- **About this task**: All lines below between the line with "Hutchins' Anglerfish - Hutchins Anglerfisch" and the line with "The Eastern Standard", including both, must be copied exactly, and the pictures must be omitted.

- **Records for this task**:
────
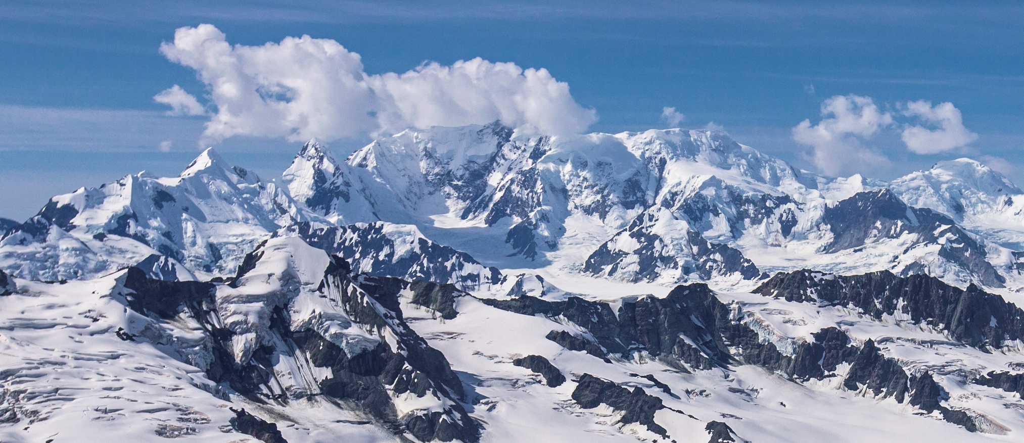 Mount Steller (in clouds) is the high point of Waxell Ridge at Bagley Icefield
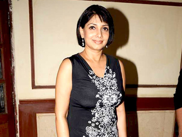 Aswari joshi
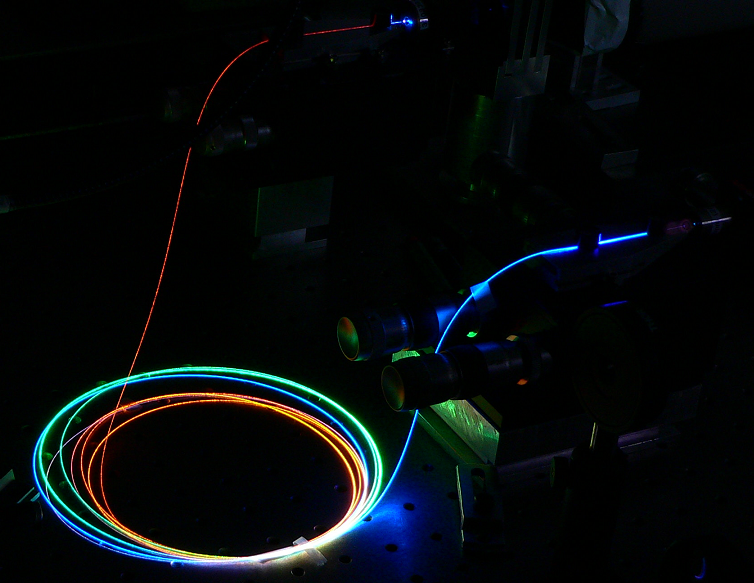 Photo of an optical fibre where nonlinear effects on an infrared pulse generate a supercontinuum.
────
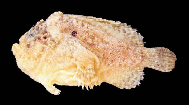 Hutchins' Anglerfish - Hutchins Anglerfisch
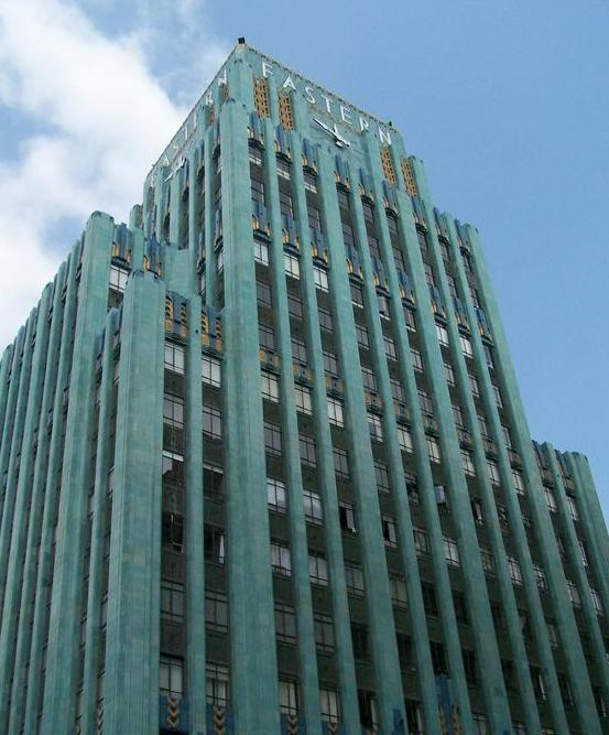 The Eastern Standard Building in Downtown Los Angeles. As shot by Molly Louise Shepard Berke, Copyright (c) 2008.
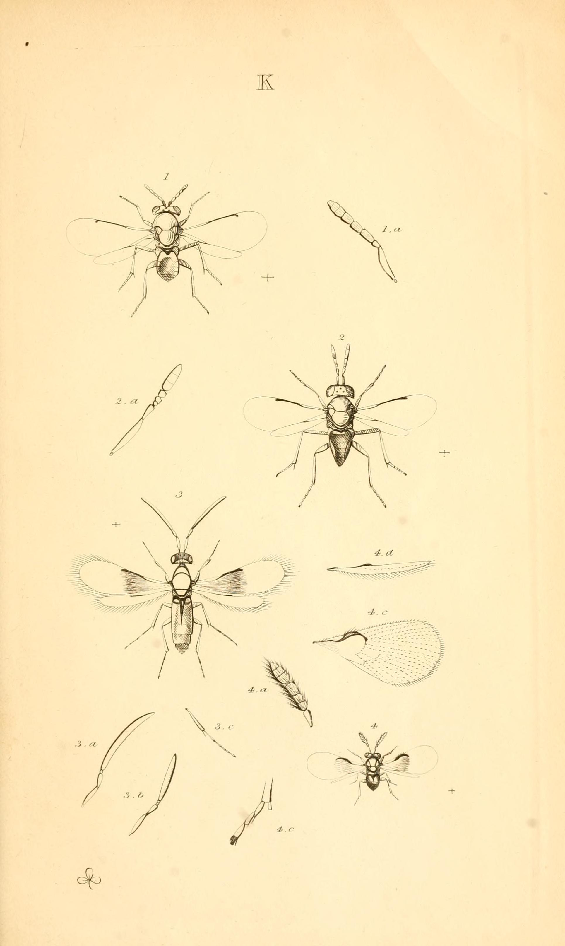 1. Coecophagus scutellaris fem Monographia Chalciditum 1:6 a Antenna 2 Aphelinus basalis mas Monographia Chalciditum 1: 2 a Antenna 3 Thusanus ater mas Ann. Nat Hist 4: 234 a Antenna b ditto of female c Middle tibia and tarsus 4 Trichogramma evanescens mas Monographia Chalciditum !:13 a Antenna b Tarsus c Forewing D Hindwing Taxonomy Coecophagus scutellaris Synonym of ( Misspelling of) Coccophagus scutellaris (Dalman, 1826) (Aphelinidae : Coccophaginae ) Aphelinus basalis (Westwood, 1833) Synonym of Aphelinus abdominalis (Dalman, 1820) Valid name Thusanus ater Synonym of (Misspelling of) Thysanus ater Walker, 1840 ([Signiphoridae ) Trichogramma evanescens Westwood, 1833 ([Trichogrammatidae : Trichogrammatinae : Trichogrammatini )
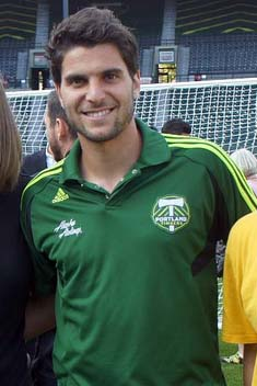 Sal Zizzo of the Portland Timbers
────
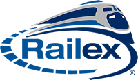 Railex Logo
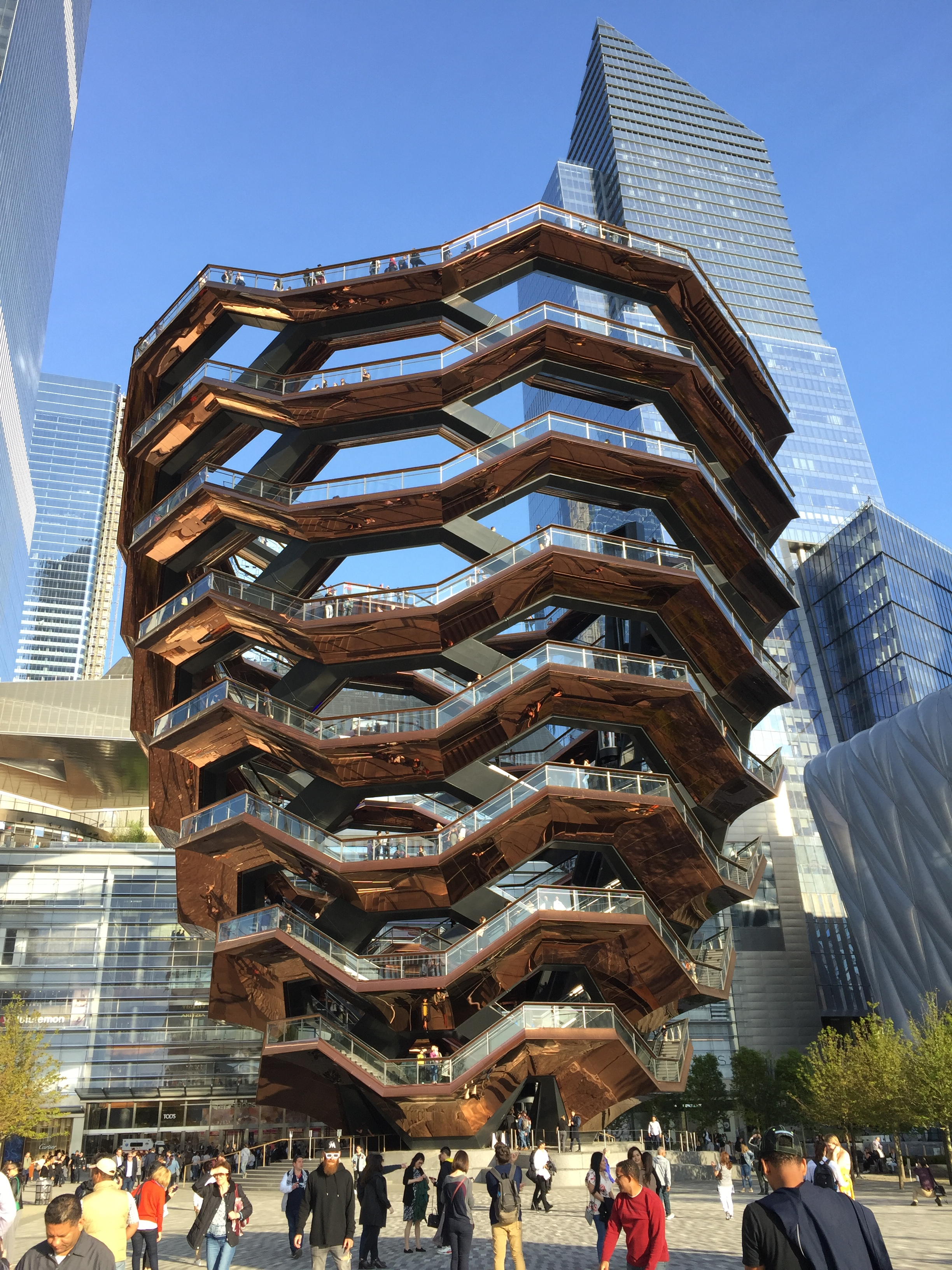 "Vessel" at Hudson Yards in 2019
────
- **Reply**:
 Hutchins' Anglerfish - Hutchins Anglerfisch
 The Eastern Standard Building in Downtown Los Angeles. As shot by Molly Louise Shepard Berke, Copyright (c) 2008.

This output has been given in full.